TAMPA, Fla. (AP) — Feeling slighted, supporters of Texas Rep. Ron Paul’s presidential bid chanted and booed Tuesday after Republican convention delegates adopted new rules that could impede insurgent candidates in the future.
The brief uproar was a rare unscripted moment in a carefully-choreographed convention that organizers hoped would showcase Republican harmony over nominee Mitt Romney. After the voice vote on the rules, the next speaker was quickly called in an attempt to limiting the amount of time Paul’s supporters had to chant “Shame on you.”
The rules are designed to limit the ability of insurgent presidential candidates to amass delegates to future Republican conventions. They will bind delegates to the outcome of presidential primaries and caucuses, preventing a candidate like Paul from pushing up their delegate counts at state conventions.
Paul delegates saw them as a power play by the Republican old guard.
“If you’re trying to win a presidential campaign and put on a show, you shouldn’t poke a sharp stick in the eye of conservative activists. That’s what happened,” said Colorado delegate Dudley Brown, who leads a gun rights organization back home.
Paul didn’t win a single presidential primary but he got 190 delegate votes during the roll call of states that officially nominated Romney Tuesday. Romney got 2,061.
Paul briefly showed up on the convention floor, signing autographs and posing for photos. As he left the arena, he declined to say if he felt his delegates were being treated unfairly. “I’ll let you know when it’s over,” he said.
Paul later said in a broadcast interview that he has no plans to endorse anyone for president.
“I am endorsing, you know, peace and prosperity and individual liberty, the Constitution, and I’m more intense on that than I am on the politics of it,” Paul told Fox News.
Supporters of the new rules say voters expect the delegate count to reflect the outcome of state primaries and caucuses. The convention’s rules committee made some late revisions to the new rules to placate party activists who weren’t necessarily Paul backers.
The new rules originally allowed presidential candidates to choose which delegates would represent them at the convention — taking that power from state parties. However, in a concession to local activists, party leaders agreed to remove the language. Instead, the rules say that delegates who support candidates other than the one they are obligated to support shall have their votes deemed “null and void.”

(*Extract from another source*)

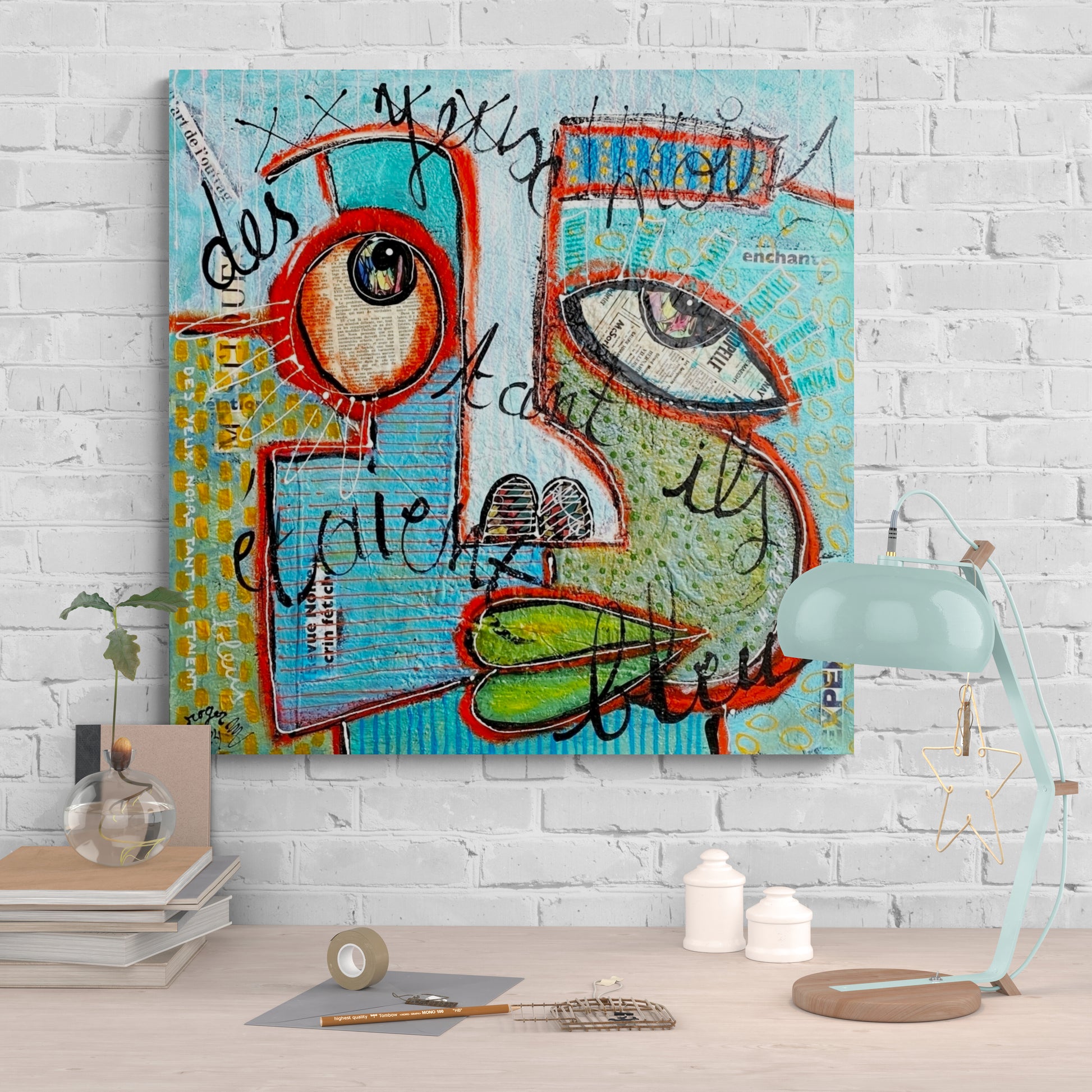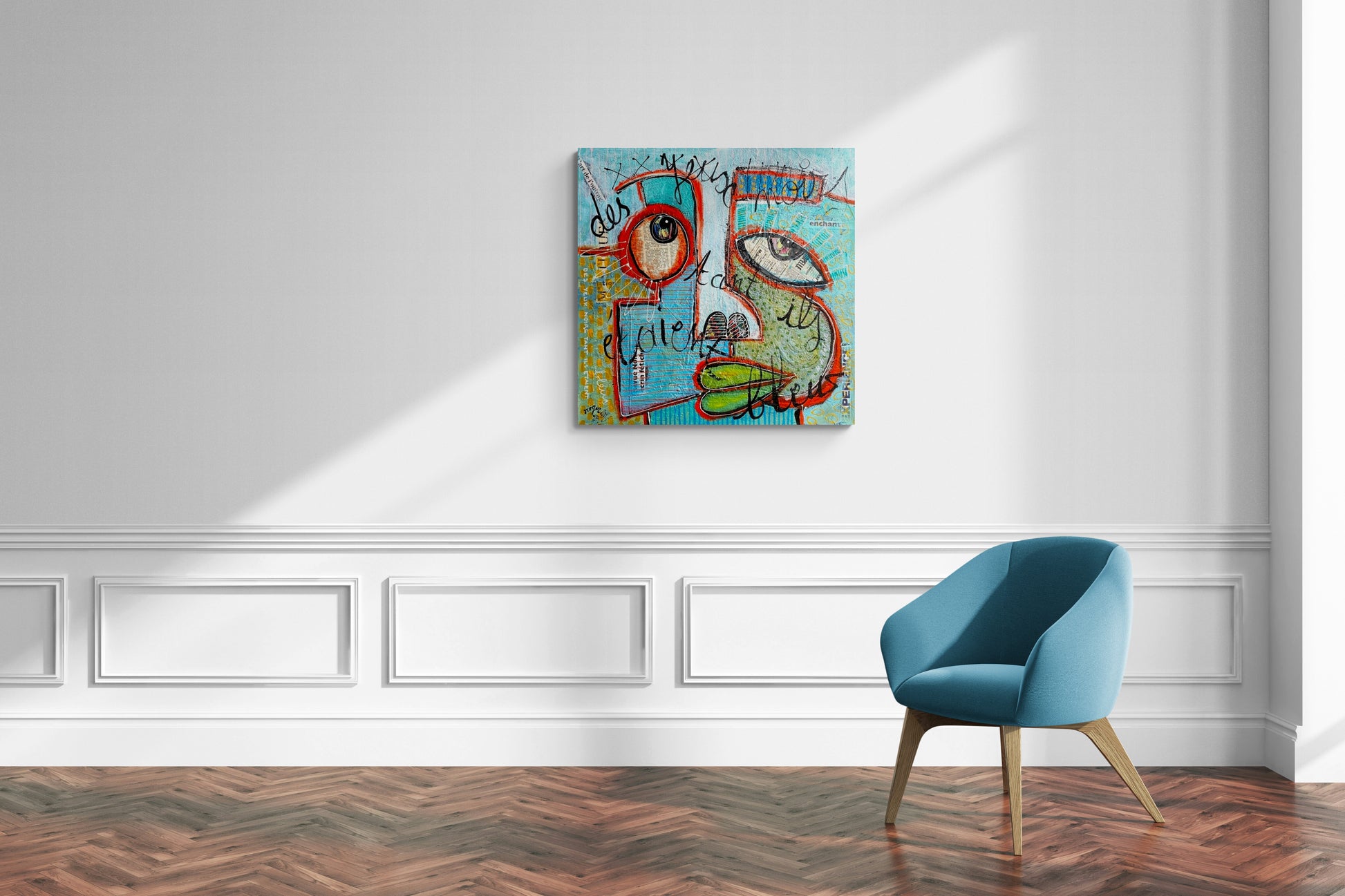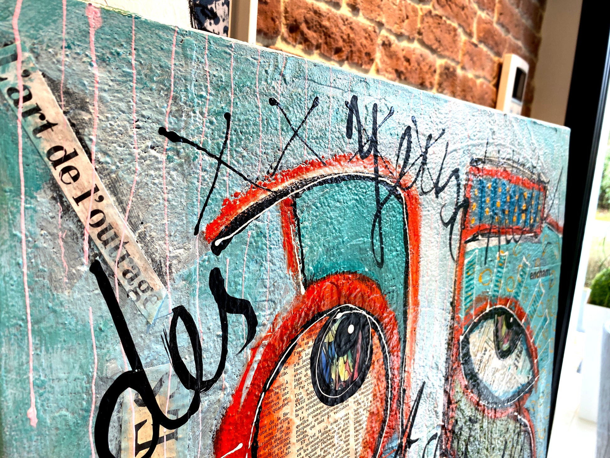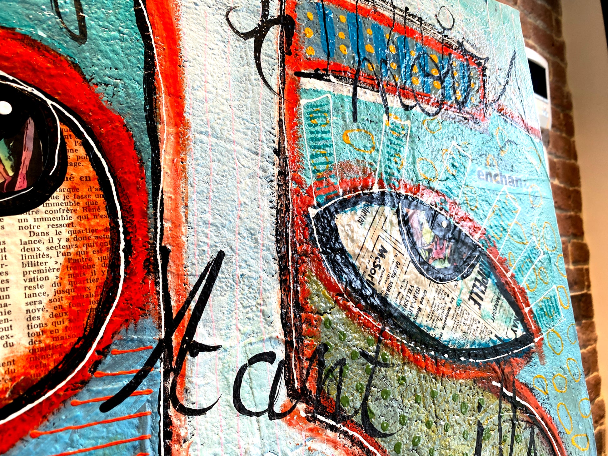 Le style de Roger.M est inspiré par les mots et la poésie, qu'elle intègre dans ses œuvres pour créer des portraits imaginaires. L'œuvre dégage une impression de dynamisme et de profondeur émotionnelle à travers ses couleurs, ses textures superposées, et l'interaction entre le figuratif et les éléments abstraits . L'utilisation des collages de texte et des yeux expressifs suggère une exploration de l'identité, du langage intérieur, ou du pouvoir des mots pour façonner la perception. L'ensemble est à la fois brut et poétique.

“These rules will provide a strong governing framework for our convention and for our party,” said former New Hampshire Gov. John Sununu, who headed the rules committee.
Mississippi Republican National Committeeman Henry Barbour said delegates shouldn’t let a fight over rules distract from the goal of beating Democratic President Barack Obama.
“None of us want a campaign overreaching,” Barbour said. “We want bound delegates to live up to their commitment.”